Bisang : Syracuse has nothing on Notre Dame’s campus ambience
NOTRE DAME, Ind. – Traditions are hard to manufacture.
Syracuse, for example, tried this year by creating a football team walk from the College Place bus stop through the Quad to the Carrier Dome on game days.
Fans paid little attention to the barely 3-month-old tradition. Maybe 30 years from now, thousands of Syracuse fans will line the Quad and actually care, but for now it’s a marketing ploy that needs a successful team more than anything else. Nobody is really craving the sight of SU athletes wearing their warm-ups on the way to the Dome.
Syracuse Director of Athletics Daryl Gross and Chancellor Nancy Cantor should have paid attention this weekend while at Notre Dame for examples of how to create traditions.
Even when the Notre Dame football team is bad, its stadium still sells out, dating back to 1973 – a span of 185 games. There have been a share of bad seasons mixed in, but alumni, students and Irish fans still make the trek.
People all over the country grow up and watch Notre Dame football on NBC. They see the mystique, they learn about the history and they become fans. And the desire burns strong to make at least that one trip to South Bend, Ind.
Saturday’s 34-10 victory over Syracuse was no different. A sellout crowd of 80,795 filled Notre Dame Stadium. Thousands of fans littered the campus throughout the morning. Some visited The Grotto, lit a candle and said a prayer.
Others visited the Basilica of the Sacred Heart and waited outside the chapel doors for Notre Dame head coach Charlie Weis to lead his team, clad in suits, into the church for a pre-game service.
There were other fans who posed for pictures in front of the Golden Dome Main building or in front of Touchdown Jesus, a large mosaic that fills the wall of Hesburgh Library and reflects into a rectangular pool below. The mosaic faces across a quad to the stadium.
At one point Saturday morning, a father and son stood around taking pictures. The son wasn’t a student. The father wasn’t an Irish alum. They weren’t even from a surrounding state.
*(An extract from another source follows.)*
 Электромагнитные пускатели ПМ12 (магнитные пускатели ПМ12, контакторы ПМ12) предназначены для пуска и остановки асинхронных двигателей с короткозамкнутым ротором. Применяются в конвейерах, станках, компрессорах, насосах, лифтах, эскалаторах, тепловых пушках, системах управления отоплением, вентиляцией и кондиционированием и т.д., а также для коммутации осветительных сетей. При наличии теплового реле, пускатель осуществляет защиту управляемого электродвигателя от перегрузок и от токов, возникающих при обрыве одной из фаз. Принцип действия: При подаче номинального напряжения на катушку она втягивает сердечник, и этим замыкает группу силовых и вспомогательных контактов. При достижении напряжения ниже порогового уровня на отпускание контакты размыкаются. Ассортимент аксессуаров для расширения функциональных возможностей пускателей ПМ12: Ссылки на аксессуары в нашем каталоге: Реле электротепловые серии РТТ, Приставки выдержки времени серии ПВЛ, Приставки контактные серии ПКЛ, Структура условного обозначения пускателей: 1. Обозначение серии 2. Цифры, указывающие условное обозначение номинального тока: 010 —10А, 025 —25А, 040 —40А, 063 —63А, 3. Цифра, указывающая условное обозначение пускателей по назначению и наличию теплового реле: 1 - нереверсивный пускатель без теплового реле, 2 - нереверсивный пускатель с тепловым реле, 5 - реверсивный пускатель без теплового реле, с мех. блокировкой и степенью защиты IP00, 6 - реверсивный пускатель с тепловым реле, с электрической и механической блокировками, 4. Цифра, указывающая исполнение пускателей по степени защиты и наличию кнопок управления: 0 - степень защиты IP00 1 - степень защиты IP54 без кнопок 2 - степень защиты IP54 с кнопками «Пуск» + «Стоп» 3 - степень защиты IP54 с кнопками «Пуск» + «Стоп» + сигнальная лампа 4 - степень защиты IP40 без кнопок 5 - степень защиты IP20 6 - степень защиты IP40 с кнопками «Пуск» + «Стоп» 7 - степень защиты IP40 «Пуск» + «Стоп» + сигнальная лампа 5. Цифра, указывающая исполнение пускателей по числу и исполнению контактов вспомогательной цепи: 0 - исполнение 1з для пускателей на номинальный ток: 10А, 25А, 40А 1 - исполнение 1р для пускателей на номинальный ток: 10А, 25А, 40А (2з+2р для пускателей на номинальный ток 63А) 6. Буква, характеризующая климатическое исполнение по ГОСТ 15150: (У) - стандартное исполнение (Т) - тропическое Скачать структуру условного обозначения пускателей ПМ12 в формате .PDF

The two made the pilgrimage from Montana to see one game at Notre Dame. The father always watched Notre Dame on television and his son grew up doing the same. They were both fans without any real ties to the school.
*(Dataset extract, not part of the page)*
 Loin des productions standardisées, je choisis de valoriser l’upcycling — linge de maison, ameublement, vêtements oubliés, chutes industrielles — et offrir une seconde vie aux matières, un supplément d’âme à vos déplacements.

And they both loved the experience.
They were no doubt just a few of many others making that same trek. Some do it every year, others just once. Thousands do it every home Saturday.
On Friday at 6 p.m., the Joyce Center filled to capacity for Notre Dame’s weekly pep rally. When the Irish played Southern California earlier in the season, the pep rally was moved to the stadium because the demand was so great.
Friday was just an average full venue, with some people standing at the tops of rows to catch a glimpse. Students wore different colored shirts based on what dorm they live in. A student team manager led the rally, dedicated to the seniors before their final game. Each senior was announced with his parents.
At the end, Weis, to the crowd’s great anticipation, came out and gave a short speech. The student section chanted Weis’ name and made a ‘W’ with their hands as the ‘1812 Overture’ played.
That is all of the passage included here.